Health reform and collaboration

Interview: Arkansas Health Connector on overcoming exchange barriers (Page 3)
Tools

By Alicia Caramenico

FierceHealthPayer: Why do you think we need healthcare reform?

Cynthia Crone: We have to have health reform to sustain our healthcare system and our national economy. I really believe it's also important to improving overall health, which is the end goal and which in turn effect our productivity and education and just about everything. Because our healthcare costs have risen much faster than inflation, and we still have the most expensive healthcare in the world that we've got do something to bend the cost curve.

Of course, we're talking about health insurance, but if the cost of care comes down, the insurance costs will come down. We're already seeing that: The costs for the marketplace plans came in 16 percent less than expected, and about 10 percent less in our state.

And we've already seen the payment and quality improvement projects--in our state we're doing bundled episodes of care and medical homes, and already those costs are going down. So I think it's going to work and I think we have to do it to sustain our healthcare system and keep our hospitals open and our healthcare local and save money and lives.

FHP: What role does healthcare collaboration play in exchange efforts?

Crone: It's huge. We've had a lot of support from our federal partners, being a state partnership exchange. But from the beginning, when we started exploring that, we had really engaged advisory groups of citizens coming from healthcare providers and consumer groups. They really led our plan management policies as well as our consumer assistance--how we built our guide, how we built our speakers' bureau. They'll be coming to help us know that we had to make a change in our consumer outreach.

We've really had a lot of collaboration. It takes time and it takes trust building and I think we've done that really well.

And if you look at our private option, in a really short time because that bill was passed at the end of April, our Medicaid agents and our insurance department and hazard department that don't usually work together had to align on policy and regulation. Actually our plans had to get everything  ready in a really short time, and while we were doing a lot of collaboration on everything from policy to operations, we also were having to collaborate with the Centers for Medicare & Medicaid Services at the Medicaid level.

I think that who private option was one big tasked collaboration on steroids that is going to be good for our people. I would say collaboration is the key to what we do

FHP: How has your experience as a nurse practitioner prepared you for your role as insurance deputy commissioner of Arkansas Health Connector?

Crone: It brought me foremost with a consumer focus and how to work within a teamwork framework. Our commissioner is very consumer-focused and had brought me in under that frame. But it's back to what we talked about before--the belief that if you truly collaborate, the product is always greater than the sum of its parts. And in this case, I think it's been greater than we ever though it could be.

An example would be our private option. And that happened in a real partisan way. So we were getting people in private plans that really were the lowest income. It was the only way were going to expand Medicaid. So we weren't expanding the Medicaid program but eligibility.

I've always my whole career served vulnerable populations, and so I came to this with the knowledge of healthcare systems and problems consumers have if they can't access care, the longstanding commitment to access and affordability, which is exactly what the Act promotes.

I think here I've been able to influence improved access through regulatory policies and I look forward to when we really grasp and focus on quality as we move forward.

There's going to be more of a role for nurse practioners going forward in the new marketplace and new delivery systems. That's going to take more changes--policy change, plans changing, panels changing, to accept NPs practicing within the scope of their education or license.
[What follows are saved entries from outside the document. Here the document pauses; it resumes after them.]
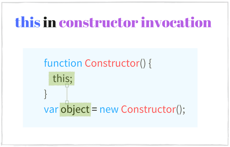 function Foo () { // this is fooInstance this.property = 'Default Value';}// Constructor invocationconst fooInstance = new Foo();fooInstance.property; // => 'Default Value'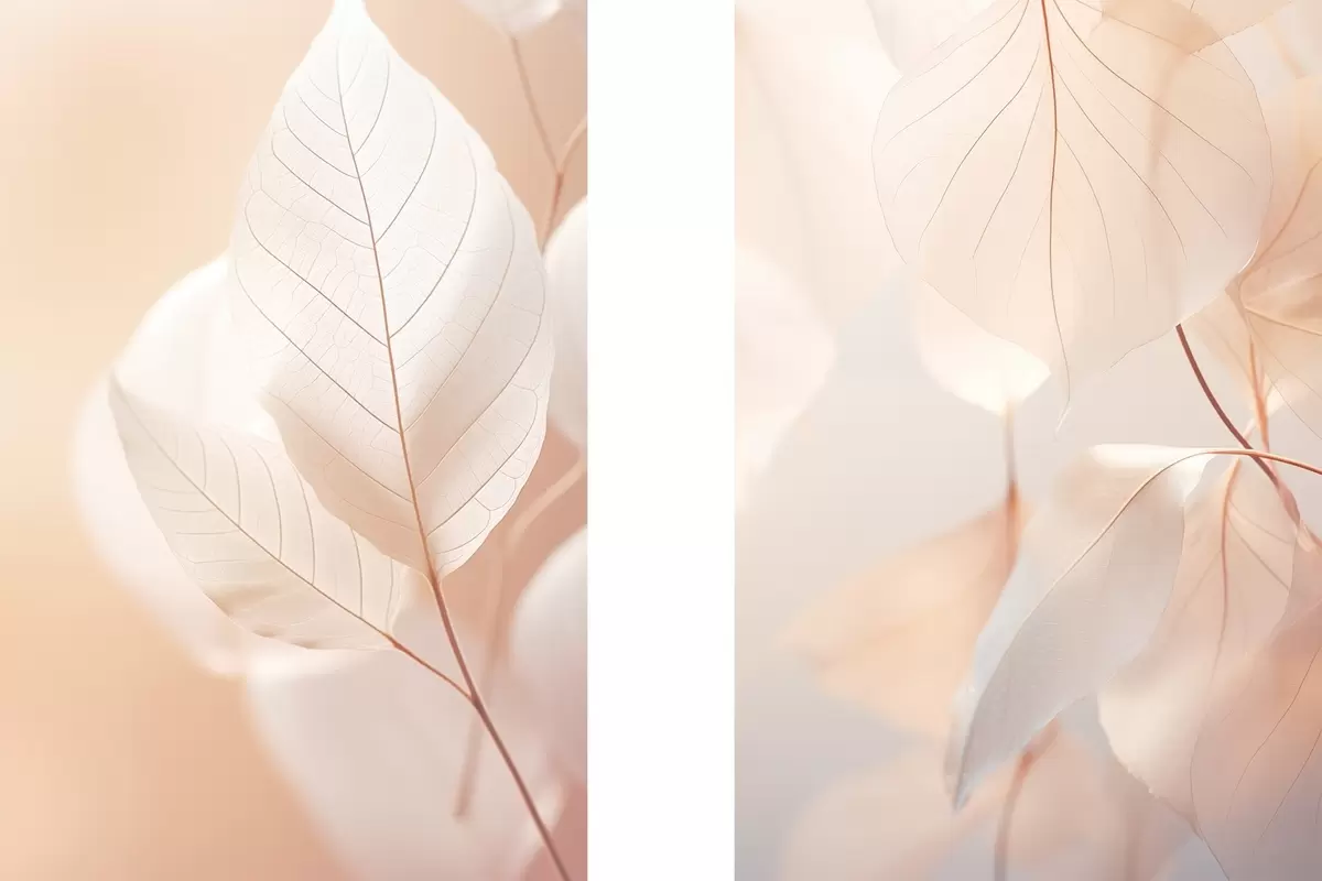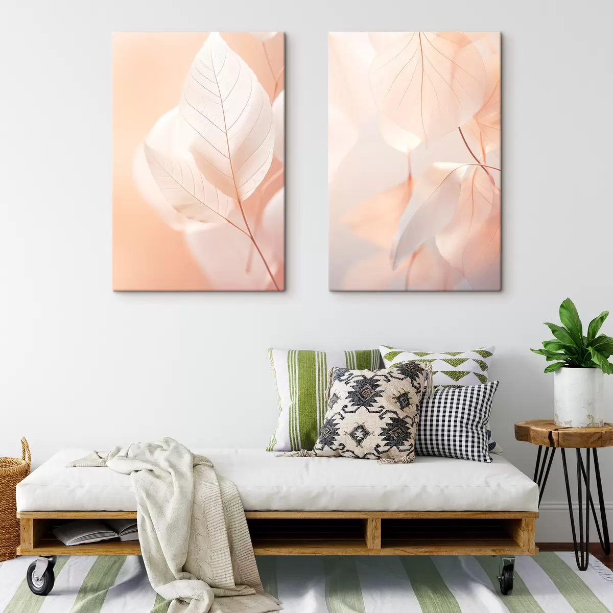 Maalid Läbilõikelised lehed koos õrnade veenidega, pehme virsiku ja valge värvipalett, hägune taust Nr m00647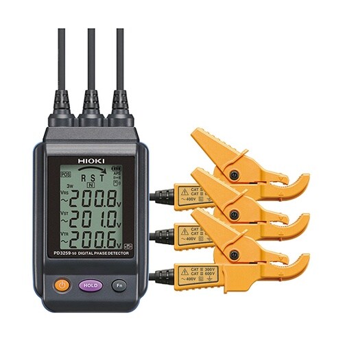 被覆電線を挟むだけで、素早く三相電源の確認・検査完了金属非接触で電圧測定ワイヤレスアダプタZ3210(オプション)に対応。 |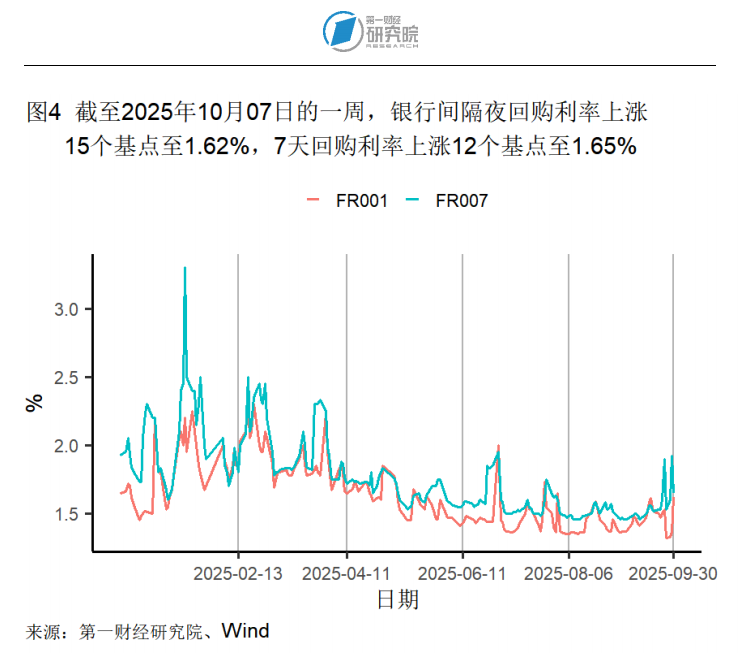 截至10月7日的银行间隔夜利率在过去一个月上升25个基点至1.62%,较去年同期下降21个基点。七天回购利率在过去一个月上升19个基点至1.65%,较去年同期下降75个基点。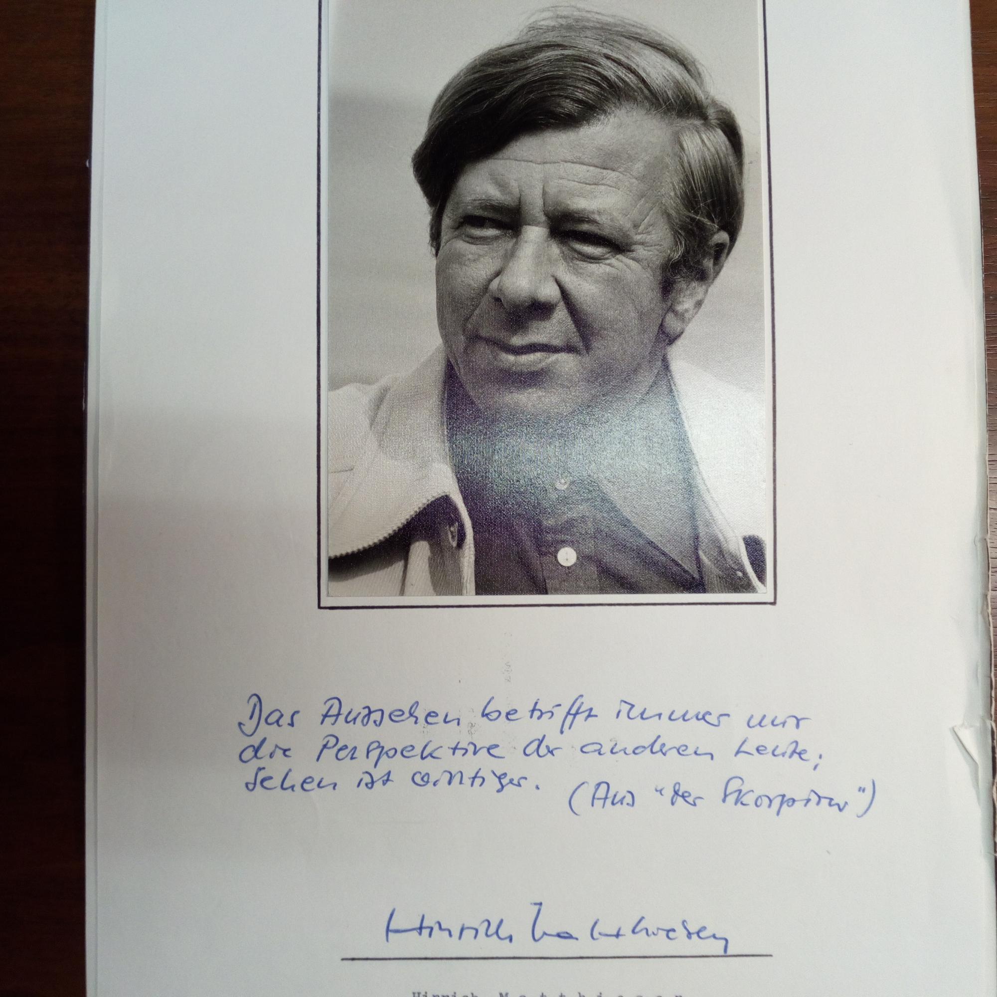 1925-2009, SPD-Pol. - U. unter auf 4° mont. Pfo. m. U. u. gedr. Zitat (aus einer Broschüre). Beiliegen 4 FDC mit U.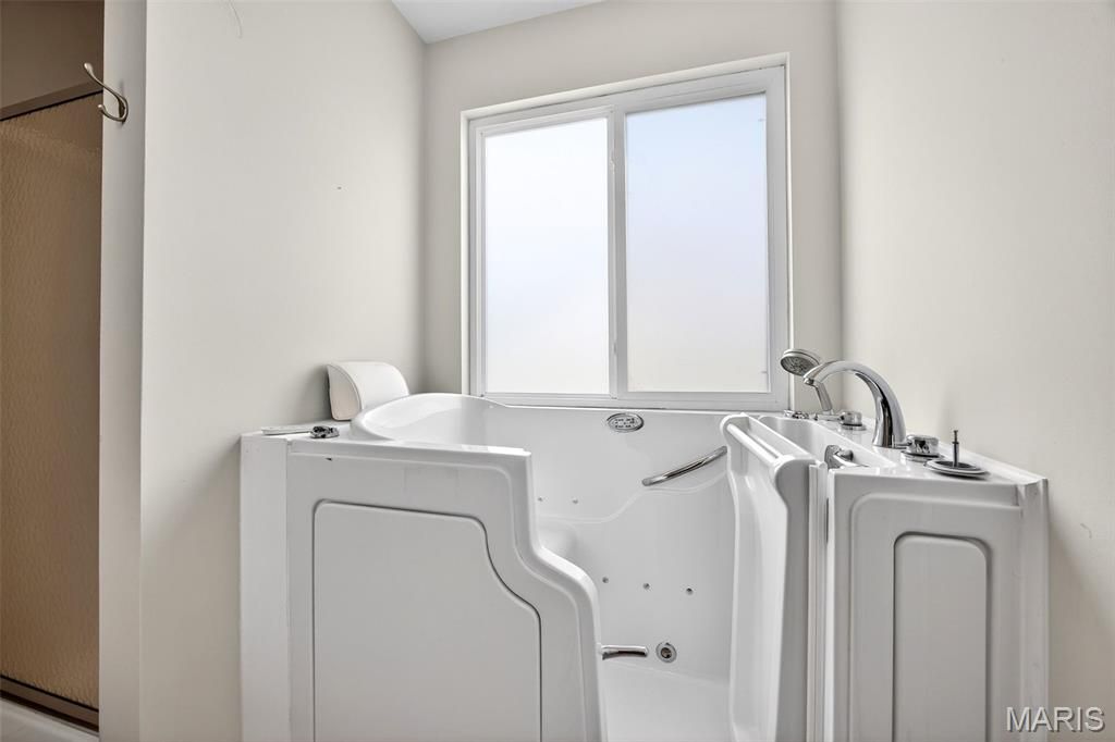 The spacious primary suite offers a large walk-in closet and a private bath complete with a separate tub and shower. The current owner has upgraded to a luxurious walk-in tub with thermo-hydro jets, perfect for relaxing after a long day. Prefer a traditional tub? The space can easily be converted back to suit your needs.

It just gave me a solid base for launching this kind of work.

FHP: Is there anything about the job that makes you wake up in the middle of the night?

Crone: That would be not getting as many enrolled as we can, as we need to. I think about consumers not being fully informed when they choose plans and if we don't have time to really work with them so they understand that the lowest premium may not be their best choice, depending on their health status and use patterns. It's just difficult to achieve that kind of outreach and education with the political opposition pulling down our ability to get the breadth of information and education out to our people.